Книга Круговая порука. Жизнь и смерть Достоевского (из пяти книг) - Игорь Леонидович Волгин
Шрифт:
Интервал:
Закладка:
У Достоевского, правда, всё происходит с некоторым замедлением.
Осенью 1844 г. Михаил Михайлович уверяет строгих московских родственников, что не далее как в январе первое сочинение брата явится почтеннейшей публике. И действительно, оно явилось в январе – правда, с задержкой на год. Но в расчётах Михаила Михайловича не было намеренных искажений. Его информация основывалась на сведениях, полученных от самого автора.
Через много лет в «Дневнике писателя» Достоевский заметит, что «Бедные люди» были начаты зимой 1845 г. и что до них он ничего не писал. Оба эти утверждения не вполне точны. «Забыты» (может быть, умышленно) ранние драматические опыты. Но не упомянуты и труды 1844 г.: ведь ещё 30 сентября автор бодро сообщал брату, что роман почти окончен и уже перебеляется для отправки издателю.
Такая хронология психологически объяснима. Автор как бы намеренно игнорирует то, что писалось им до отставки – «параллельно» учению и службе. Он ведёт отсчёт лишь с момента, когда стал свободен: независимость – условие профессионализма.
Не выпустив ещё сочинение из рук, сочинитель уже исчисляет день, когда получит редакционный ответ («к 14му»!). Черта знаменательная. И позднее он будет планировать свои действия (и ответные шаги партнёров) на несколько ходов вперёд, порою жестоко ошибаясь и попадая впросак.
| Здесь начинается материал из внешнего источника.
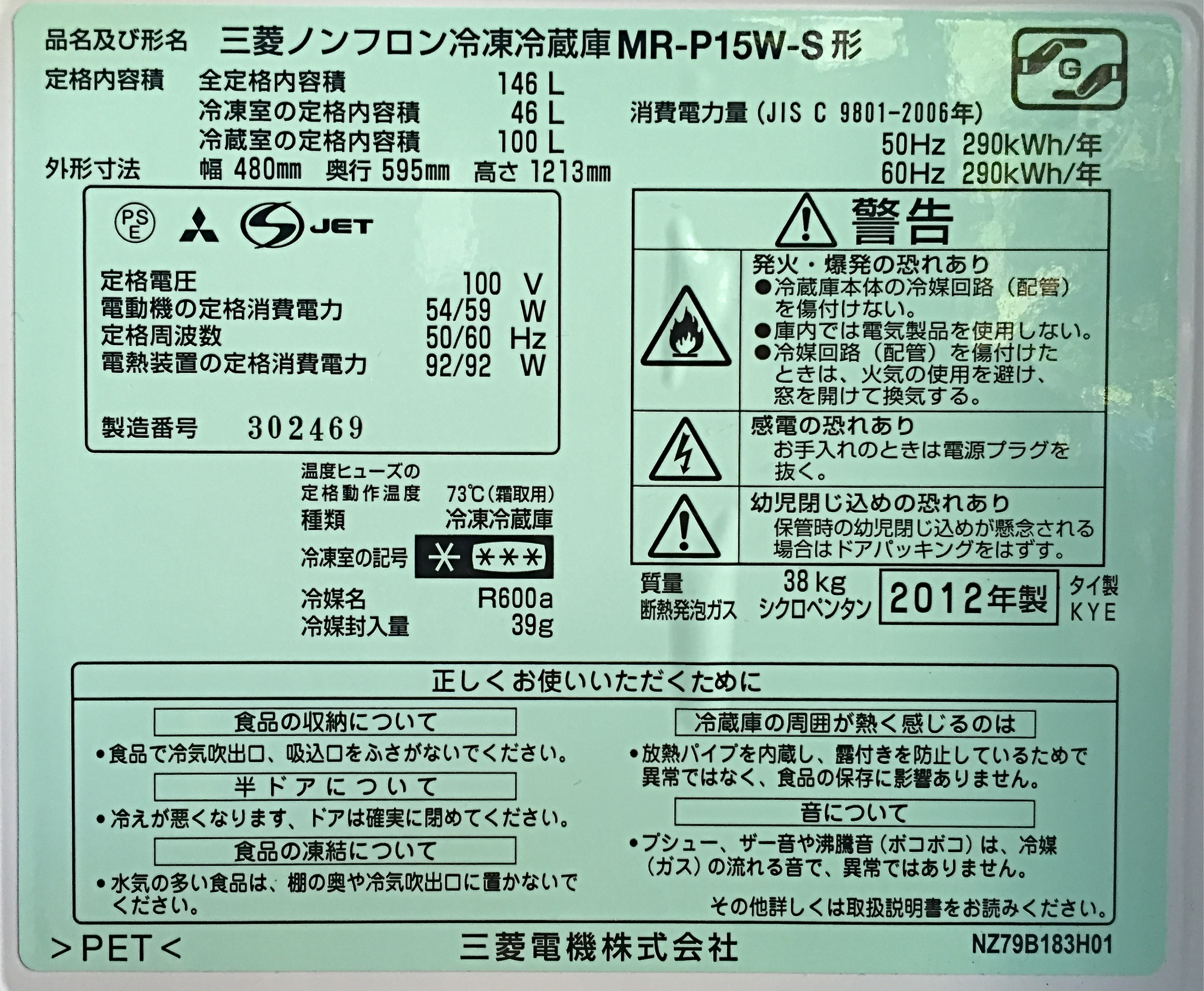 HOME> 全ての買取実績 > 家電・電化製品類 > 冷凍冷蔵庫の買取実績(MITSUBISHI/三菱 ノンフロン冷凍冷蔵庫 MR-P15W-S 146L 2012年製)
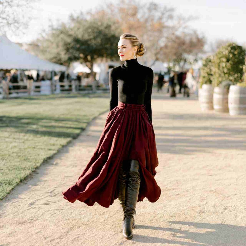 A flowing midi skirt in burgundy paired with black turtleneck and knee-high boots creates feminine sophistication. The covered-up elegance feels appropriate and graceful.
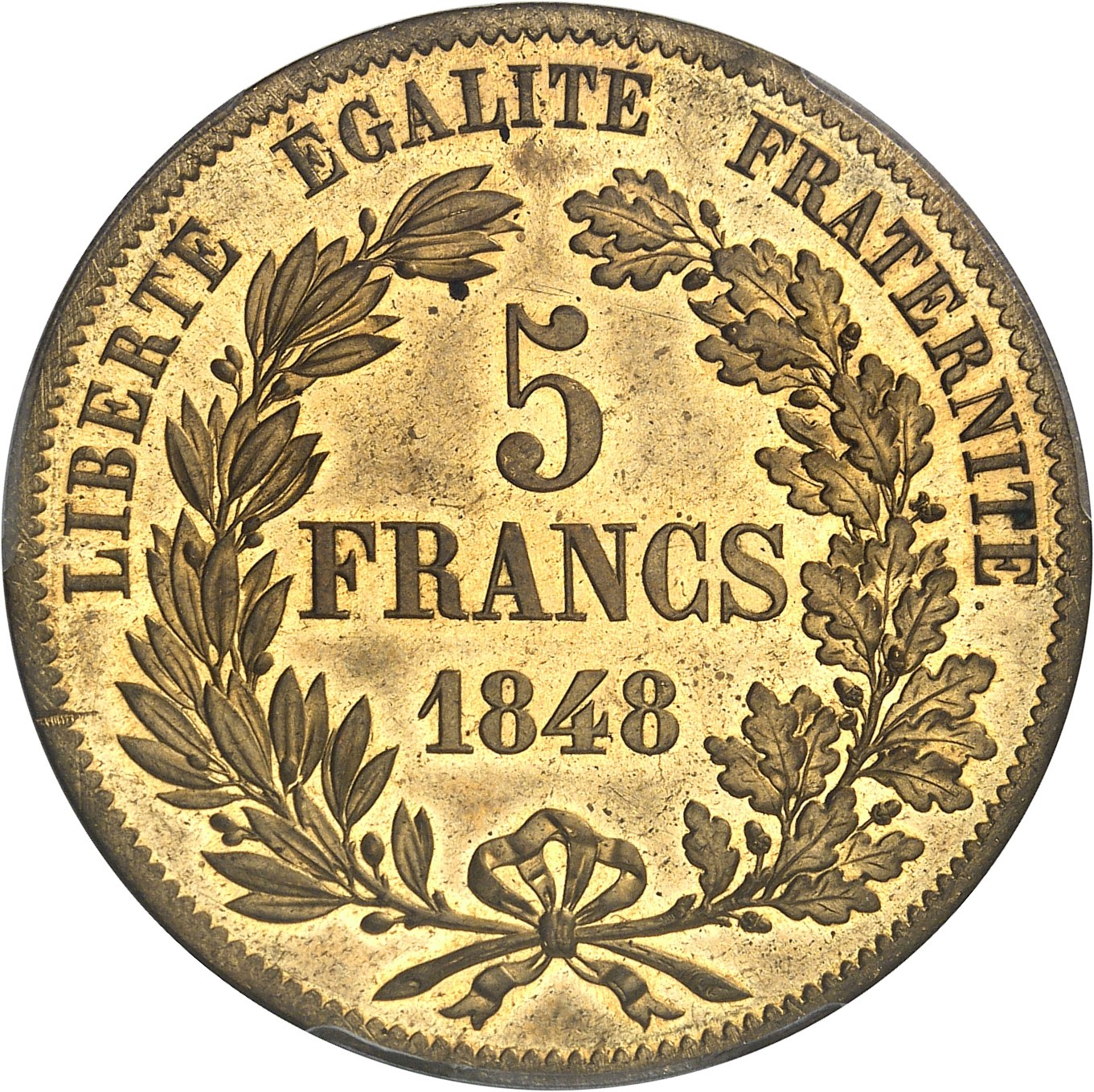 IIe République (1848-1852). Essai de 5 francs, sur flan en cuivre jaune, concours de 1848, 2e type par Farochon, Frappe spéciale (SP) 1848, Paris. PCGS SP62 (49097062).
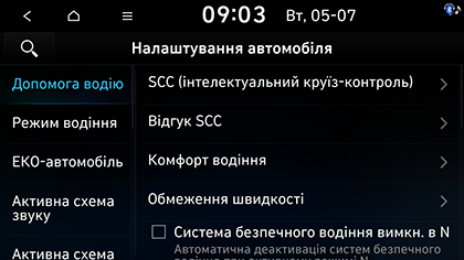 Натисніть SETUP > Автомобіль > Допомога водію.
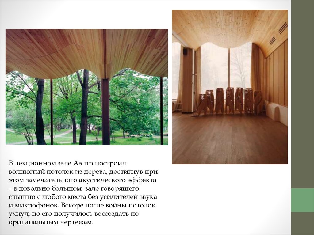 В лекционном зале Аалто построилволнистый потолок из дерева, достигнув при

Разумеется, к 14 октября 1844 г. редакционный ответ не последовал – по той причине, что рукопись в редакцию не поступала.
Проходит семь месяцев: вместо уведомления о выходе романа брат извещается о всё новых и новых редакциях и переделках (их можно насчитать не менее пяти). Даже после известного «готов и доволен» рукопись ещё раз подвергается капитальнейшей правке. Стремление к совершенству, как известно, не имеет границ. Но наконец 14 мая 1845 г. автор резким усилием воли пресекает судорожные попытки улучшить текст: «Я слово дал до него не дотрагиваться».
Итак, труд, занявший, очевидно, никак не менее года, благополучно завершён. Но вот странность: подробно информируя корреспондента о ходе работ, Достоевский, как помним, никогда не таивший от брата своих творческих мечтаний, на сей раз воздерживается сообщить, что, собственно, он сочиняет. Роман – это понятно: но о чем, из какой жизни? (Надо надеяться, не из венецианской!) Даже непосредственный свидетель, а именно Григорович, отстранён от каких бы то ни было обсуждений: он видит только множество листов, исписанных мелким бисерным почерком…
Труд совершается прикровенно: до его окончания автор доверяет только собственному суду. Уж не опасается ли он сглаза? Даже название будущего творения оглашению не подлежит.
Трудно сказать, на какой стадии роман получил имя, которое нам известно. Никакие иные варианты заголовка до нас не дошли. Но, кажется, вещь и не могла быть названа иначе.
Имя первого сочинения Достоевского – эпиграф ко всей его будущей прозе.
Однако вернёмся к герою.
Дело было сделано. Оставались сущие пустяки: обнародовать написанное. Но тут в образе мыслей автора вновь обнаруживается странная непоследовательность.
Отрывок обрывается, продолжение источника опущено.